GTE-base (General Text Embeddings) is a medium-sized text embedding model developed by Alibaba DAMO Academy. It represents a balanced trade-off between model size and performance, achieving an impressive 62.39% average score across 56 MTEB benchmark tasks. The model is specifically designed for generating high-quality text embeddings that can be used for various natural language processing tasks.
Implementation Details
Built on the BERT architecture, GTE-base produces 768-dimensional embeddings and can process sequences up to 512 tokens in length.
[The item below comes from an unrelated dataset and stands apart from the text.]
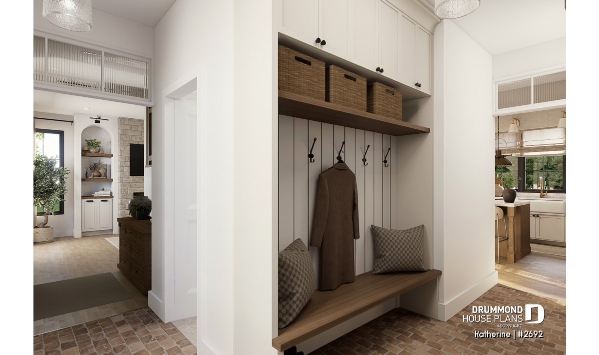 Direct access from the garage to the kitchen for smooth circulation with groceries.
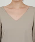 デコルテを美しく引き立てるVネックが、顔周りにほど良い抜け感を演出。

The model was trained using a multi-stage contrastive learning approach on a diverse dataset of relevance text pairs, enabling robust semantic understanding across different domains.
- Efficient architecture with 109M parameters
- Strong performance in clustering (46.2%), pair classification (84.57%), and semantic textual similarity (82.3%)
- Optimized for both accuracy and computational efficiency
Core Capabilities
- Information Retrieval and Document Search
- Semantic Textual Similarity Assessment
- Text Reranking and Classification
- Cross-lingual Text Understanding (English-focused)
- Efficient Text Embedding Generation
Frequently Asked Questions
Q: What makes this model unique?
GTE-base stands out for its excellent performance-to-size ratio, achieving comparable results to larger models while being more resource-efficient. It ranks highly on the MTEB leaderboard and provides a strong balance between computational requirements and embedding quality.
Q: What are the recommended use cases?
The model excels in information retrieval, semantic similarity tasks, and text classification. It's particularly well-suited for applications requiring efficient text embeddings without compromising on quality, such as search systems, recommendation engines, and document similarity analysis.